Читаем Рассказы разных лет полностью

Мы подходим к павильону прохладительных напитков, но их и там нет. Мне приходит в голову, что. пока мы их ищем, они вернулись на наше место и ждут нас. Я тороплю ее, мы возвращаемся на свое привычное место, но их нет. Я решил немного подождать их здесь. Но они не подходят. Вдруг на меня находит волна подозрительности, мне кажется, все они в сговоре против меня. Я начинаю всматриваться в лицо своей спутницы, стараясь угадать в нем выражение тайной насмешки, но, кажется, ничего такого нет — сонное чистое лицо с красивыми глазами под тяжелыми веками. Я даже не могу понять, беспокоит или нет ее то, что они исчезли.

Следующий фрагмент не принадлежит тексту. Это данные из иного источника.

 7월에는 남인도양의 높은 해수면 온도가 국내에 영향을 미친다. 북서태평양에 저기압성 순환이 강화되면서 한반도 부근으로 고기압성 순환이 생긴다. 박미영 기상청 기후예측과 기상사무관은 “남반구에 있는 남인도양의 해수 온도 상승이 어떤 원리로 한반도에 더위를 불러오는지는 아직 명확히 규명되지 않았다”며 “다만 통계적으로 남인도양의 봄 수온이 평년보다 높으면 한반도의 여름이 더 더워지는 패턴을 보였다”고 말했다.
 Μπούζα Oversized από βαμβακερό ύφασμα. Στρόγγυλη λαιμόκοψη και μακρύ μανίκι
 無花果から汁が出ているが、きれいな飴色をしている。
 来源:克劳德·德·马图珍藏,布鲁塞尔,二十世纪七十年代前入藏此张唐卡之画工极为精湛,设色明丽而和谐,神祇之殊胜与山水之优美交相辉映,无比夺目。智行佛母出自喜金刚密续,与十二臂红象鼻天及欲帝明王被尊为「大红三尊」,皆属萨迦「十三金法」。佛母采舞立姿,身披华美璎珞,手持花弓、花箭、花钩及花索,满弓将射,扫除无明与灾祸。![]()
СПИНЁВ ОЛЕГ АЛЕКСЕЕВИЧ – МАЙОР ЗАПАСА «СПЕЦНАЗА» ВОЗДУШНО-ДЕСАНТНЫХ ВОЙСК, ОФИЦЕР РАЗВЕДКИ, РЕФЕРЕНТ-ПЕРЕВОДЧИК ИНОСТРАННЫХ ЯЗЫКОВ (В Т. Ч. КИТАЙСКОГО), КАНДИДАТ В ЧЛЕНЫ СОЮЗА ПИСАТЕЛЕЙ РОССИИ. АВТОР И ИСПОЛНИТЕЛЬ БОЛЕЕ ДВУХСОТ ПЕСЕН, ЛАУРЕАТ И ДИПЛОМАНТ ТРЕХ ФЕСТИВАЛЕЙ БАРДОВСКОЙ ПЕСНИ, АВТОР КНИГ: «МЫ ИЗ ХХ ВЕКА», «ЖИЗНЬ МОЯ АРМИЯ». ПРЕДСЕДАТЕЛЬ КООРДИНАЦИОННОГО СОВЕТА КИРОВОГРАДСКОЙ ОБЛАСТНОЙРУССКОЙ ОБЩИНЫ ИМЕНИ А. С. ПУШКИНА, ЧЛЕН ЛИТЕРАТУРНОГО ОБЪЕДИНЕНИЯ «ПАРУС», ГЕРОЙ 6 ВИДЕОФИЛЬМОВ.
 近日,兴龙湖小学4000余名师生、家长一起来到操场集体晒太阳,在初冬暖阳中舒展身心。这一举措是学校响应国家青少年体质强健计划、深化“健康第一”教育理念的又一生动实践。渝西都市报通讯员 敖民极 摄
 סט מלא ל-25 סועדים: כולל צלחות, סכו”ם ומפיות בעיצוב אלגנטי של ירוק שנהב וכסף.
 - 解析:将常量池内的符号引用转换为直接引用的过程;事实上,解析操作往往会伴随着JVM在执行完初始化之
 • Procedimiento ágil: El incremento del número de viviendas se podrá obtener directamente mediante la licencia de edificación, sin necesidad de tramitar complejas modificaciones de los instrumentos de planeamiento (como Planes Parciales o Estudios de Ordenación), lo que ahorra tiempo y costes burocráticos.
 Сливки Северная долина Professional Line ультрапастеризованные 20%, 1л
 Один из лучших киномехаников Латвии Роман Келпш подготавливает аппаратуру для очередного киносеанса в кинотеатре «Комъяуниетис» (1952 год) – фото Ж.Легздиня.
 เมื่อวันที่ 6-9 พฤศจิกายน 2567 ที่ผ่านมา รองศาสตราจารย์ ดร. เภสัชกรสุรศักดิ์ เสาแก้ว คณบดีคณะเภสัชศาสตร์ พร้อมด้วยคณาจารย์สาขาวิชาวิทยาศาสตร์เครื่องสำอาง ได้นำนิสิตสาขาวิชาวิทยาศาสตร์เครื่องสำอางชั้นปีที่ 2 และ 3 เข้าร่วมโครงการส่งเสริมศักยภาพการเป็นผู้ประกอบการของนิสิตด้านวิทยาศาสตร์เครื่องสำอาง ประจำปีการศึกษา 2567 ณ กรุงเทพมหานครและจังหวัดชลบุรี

— А может, они где-нибудь там? — киваю я в глубину парка.

Она молча пожимает плечами, и мы начинаем обходить парк, заглядывая в каждый уединенный уголок, на каждую скамейку. Мы даже зашли за памятник Сталину, думая, может, они сидят за ним на верхней ступеньке пьедестала, уютно опершись спиной о полы его гранитной шинели. Но и тут их не было.

Наконец мы оказались в самой уединенной части парка, куда доносилась притихшая музыка, уже процеженная от своей навязчивой пошлости листвой и хвоей деревьев. Мы подошли к скамейке, стоявшей под кустом самшитового деревца, хотя уже издали было видно, что на скамейке никого нет. Но почему-то вдруг захотелось подойти к этой затемненной скамейке, окончательно убедиться, что ли… Подошли, постояли. Рядом со скамейкой рос большой куст пампасской травы. Я почему-то приподнял и откинул его нависающую гриву.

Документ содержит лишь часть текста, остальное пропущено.